Only 50% of U.S. small cap growth managers outperformed the Russell 2000 Growth benchmark at the end of 1Q24. In comparison, 67% of small core managers and north of 75% of small value managers outperformed their comparable benchmarks. The dispersion in active management results between active small cap growth managers and their core and value counterparts can be strongly attributed to two culprits: Supermicro and Microstrategy.
Supermicro makes artificial intelligence (AI) infrastructure solutions; the stock’s fast and furious rise has been correlated with the increasing demand for AI, and to some degree with the continued dominance of Nvidia, one of the company’s most meaningful AI-related partnerships.
Microstrategy, on the other hand, is considered a bitcoin proxy; it is the largest corporate bitcoin holder, thus participating in the surge of cryptocurrency performance in 2023.
Big Surge for Supermicro and Microstrategy
By the end of 2023, Supermicro stock was up over 250% while Microstrategy stock was up over 330%; the stocks’ strong performance has extended thus far into 2024. Due to their combined position sizes in the Russell 2000 Growth and Russell 2000 Indices (6% and 4%, respectively), the returns of both stocks have been incredibly impactful to benchmark performance. For instance, as of March 2024, Supermicro alone contributed over 300 basis points to the Russell 2000 Growth’s total return of 7.6%. The concentration, both from a holdings and performance standpoint, is something we do not often see in the small cap benchmarks.
Because of the position sizes and performance of Supermicro and Microstrategy, some managers with zero or underweight positions in these stocks have experienced some challenges with portfolio performance. Reasons cited by managers for zero or underweight exposures include:
- Implementation hurdles: The market capitalization for Supermicro has increased substantially in a short period of time. Prior to the 2023 Russell reconstitution, Supermicro’s market cap hovered around $5 billion, which is also the average market cap for a Russell 2000 company. Between April and June 2023, its market cap increased to $13 billion (and ended the year at $15 billion). YTD 2024, its market cap has jumped to $60 billion. The stock even earned a place in the S&P 500 Index in March 2024 (concurrent with its position within the small cap benchmarks). For small cap managers with buy-and-sell disciplines which prescribe that transactions take place within the small cap range (under $1 billion to $10 billion), the purchase of or incremental adds to Supermicro after the 2023 reconstitution would have violated these construction guidelines. Similarly, many that owned the stock were forced to sell the position entirely once it graduated beyond the small cap market cap range.

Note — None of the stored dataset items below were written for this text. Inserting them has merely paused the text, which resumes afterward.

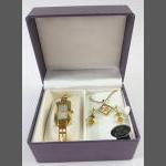 A boxed SPIRIT OF CHARLES RENNIE MACKINTOSH watch with a pendant necklace and matching earrings (RRP £50.00)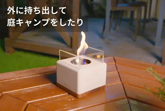 室内での使用はもちろん、ベランダや庭などの屋外で使用することもできます。片手で持ち運びができるので、庭キャンプやベランピングにもぴったりです。お部屋の中だけでなく、本格的なキャンプシーンでもおしゃれに使えるのがmfireです。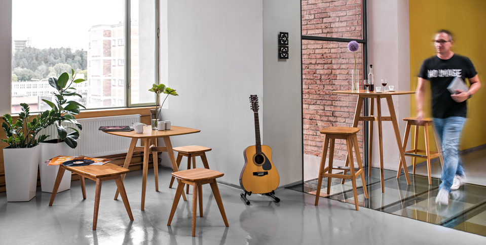 WITTY is a wooden collection of stools, bar chairs and tables. Thanks to the wood, they give a natural, friendly and warm impression. The long straight base and thin table or seat top create a perfectly elegant and subtle look. The fabric upholstery stands out well in pastel and bright colours. WITTY is a furniture and accessory in one and will find use not only in informal places in companies, but also in cafés, restaurants, hotels or homes.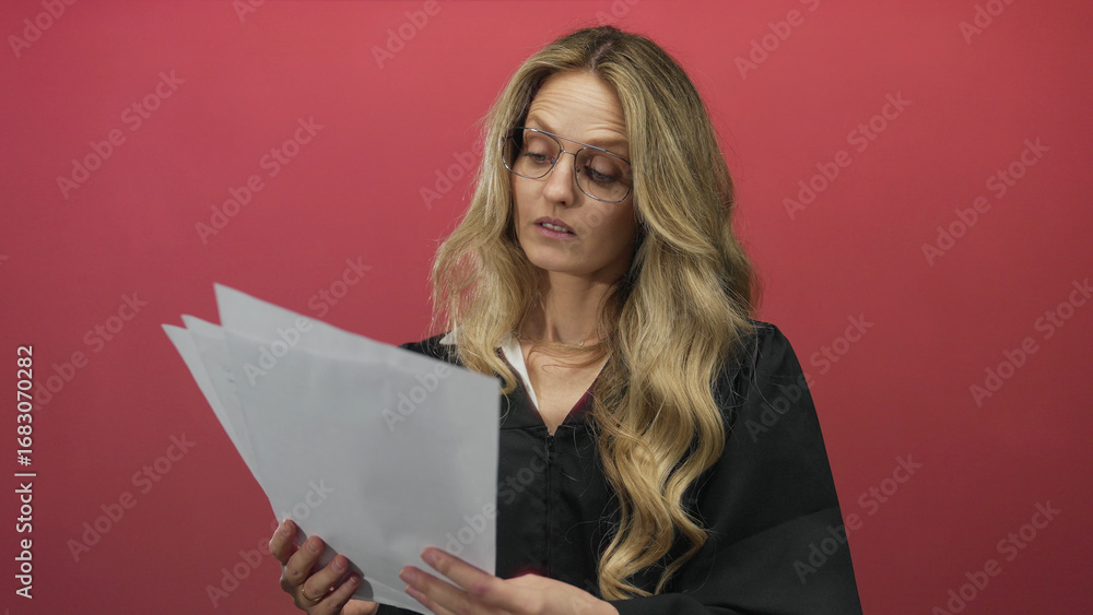 Woman judge with blonde hair wearing uniform reads documents against isolated red wall background.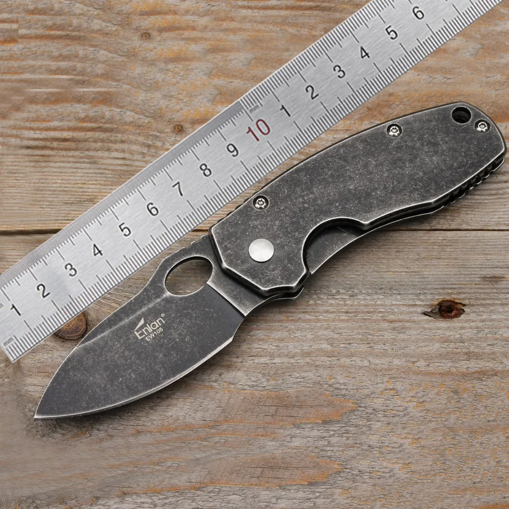 Складной нож Enlan EW105, карманный Клинок с лезвием 8Cr13Mov, цельностальная ручка, для повседневного использования, кемпинга, охоты, выживания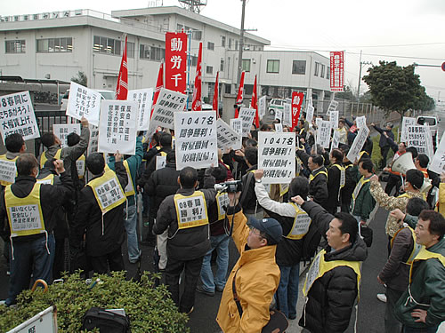 その後、一部業務の外注化が強行された京葉車両センター(千葉市、習志野市)門前に全支部から100人の組合員が集まり、怒りの声をたたきつけた。JR千葉支社は2月から、千葉管内で初めて京葉車両センターでの車輪転削業務外注化を強行した。車輪の転削業務は危険と隣り合わせである上、車両を安全に運行するためにきわめて精密な作業が問われる仕事だ。動労千葉は、こうした業務を徹底した低賃金で外注化したJR東日本の安全無視の姿勢を徹底弾劾した。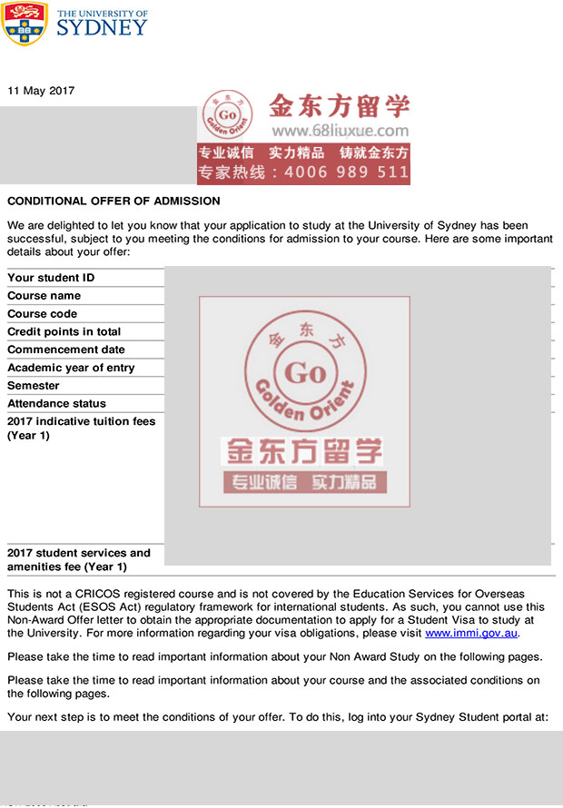 录取结果:University of Sydney(悉尼大学),Master of Medicine (Ophthalmic Science) Con(医学硕士(眼科科学))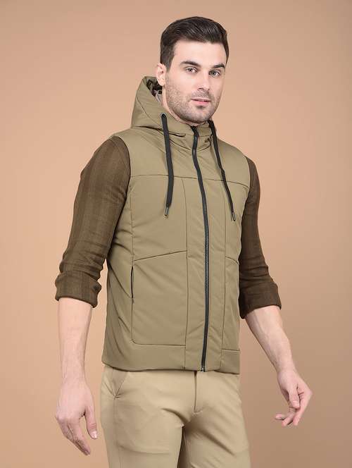 Crimsoune Club Men's Khaki Hooded Neck Sleeveless Jacket is crafted with premium quality materials, ensuring comfort, durability, and style. This piece is perfect for elevating your wardrobe with its trendy design and exquisite detailing.

- Valuation: The precipitous rise in the stock prices for both companies led many managers to question the stocks’ respective risk/rewards and potential negative implications of participating at that stage in their life cycles.

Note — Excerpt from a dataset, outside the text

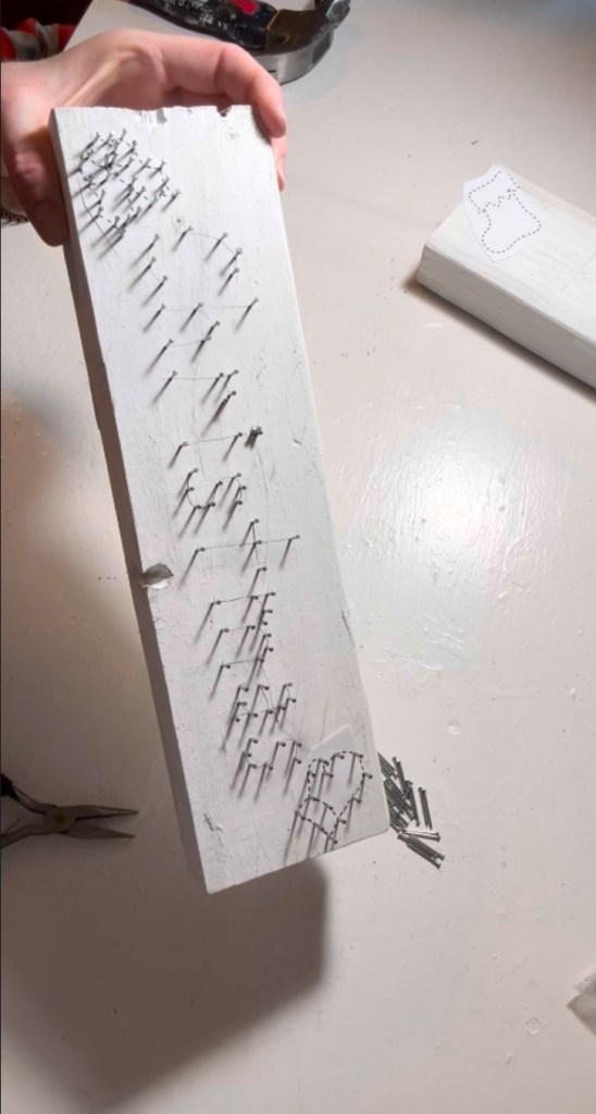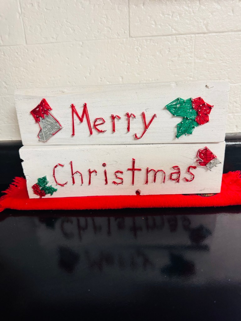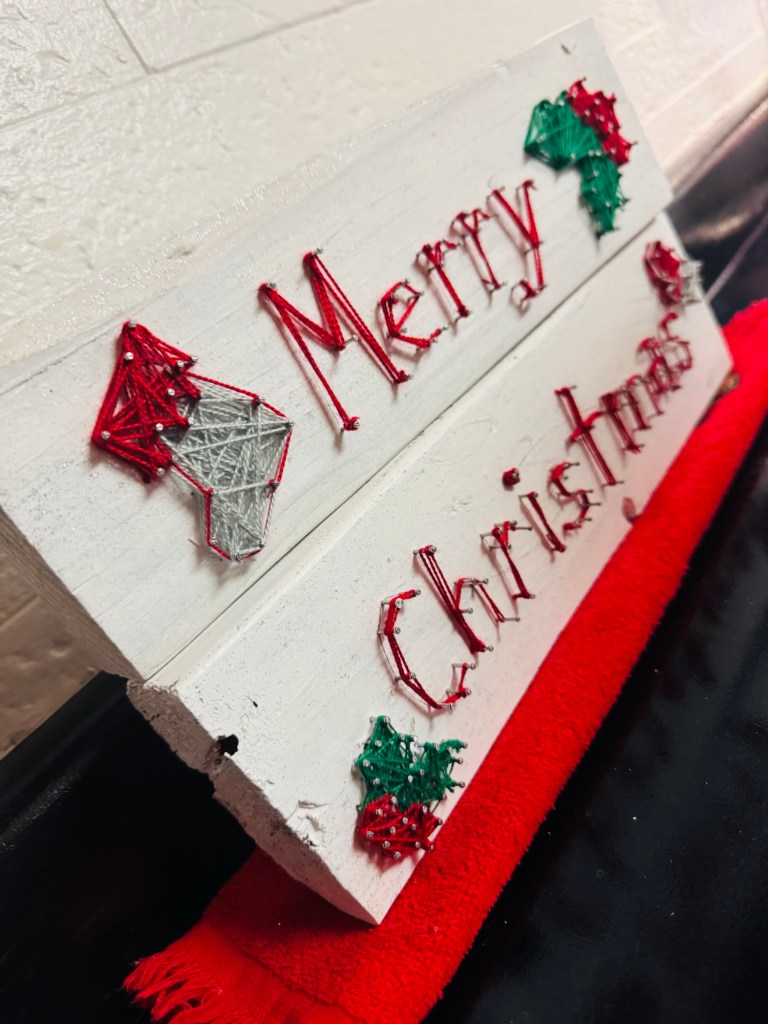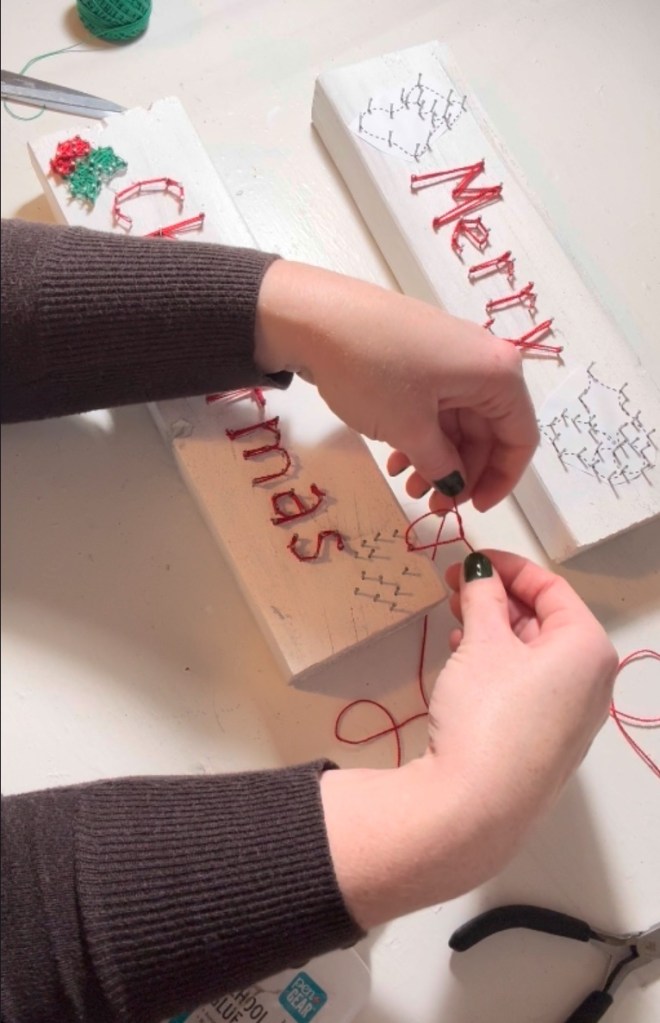 I found a small Christmas string art guide sheet that had tiny designs like holly, a mitten, and other festive shapes. They fit perfectly next to the words, so I added a string art design on each side of the lettering.

- Fundamentals: Some long-only active managers remain mixed on bitcoin-related/cryptocurrency investments, given their speculative nature. As for Supermicro, some managers have expressed broad concerns, ranging from management quality to the persistence of growth beyond the ongoing AI hardware cycle.

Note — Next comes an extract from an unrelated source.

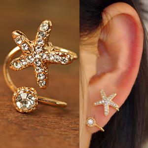 ダブルアールイヤーカフ(スター) 星 ヒトデ スターフィッシュ 1個販売 イヤリング イヤークリップ フェイクピアス 耳 軟骨 レディース ゴールド 金色 シルバー 銀色 ラインストーン はさむ キラキラ クリスタル ノンホールピアス ノンホールイヤリング あけない 海星

Thankfully, for active small cap growth (and core) managers, Supermicro and Microstrategy have graduated out of small cap benchmarks with the 2024 Russell reconstitution. While their exits may alleviate the pressure that managers have experienced in navigating their positions, these stocks have been a good impetus for managers to re-engage on their approach to risk management, particularly when there are stocks that comprise a significant portion of the total portfolio’s risk budget. Given that, as we head into the second half of 2024, there are important considerations for institutional investors to assess as they continue to engage with their small cap managers:
- AI exposure and diversification of risk: Generally speaking, managers with exposure to the AI ecosystem, ranging from semiconductors to various AI-related themes within the Industrials sector (such as electrification and data centers) were able to mitigate some of the attribution challenges caused by underweight or zero exposure to Supermicro and Microstrategy combined. This suggests that AI is an important consideration from a portfolio construction and risk standpoint. If a manager’s view reflects a conservative view of AI and its value proposition going forward, it is worth asking how it will manage the active bet/risk of a contrary view should AI performance persist. Conversely, if a manager has a heavy active weight to AI as a theme, it also worth asking how holdings diversification, both within AI exposures and at the aggregate portfolio level, is maintained to ensure proper risk diversification within the portfolio.
- Performance: While Supermicro and Microstrategy have graduated out of the small cap benchmarks, there will inevitably be a performance overhang, especially for portfolios that lacked exposure to these names and AI in general. Akin to the suggested dialogue on AI exposure, discussions on portfolio positioning and how it will iterate over time may be useful, particularly if today’s AI-heavy market backdrop persists.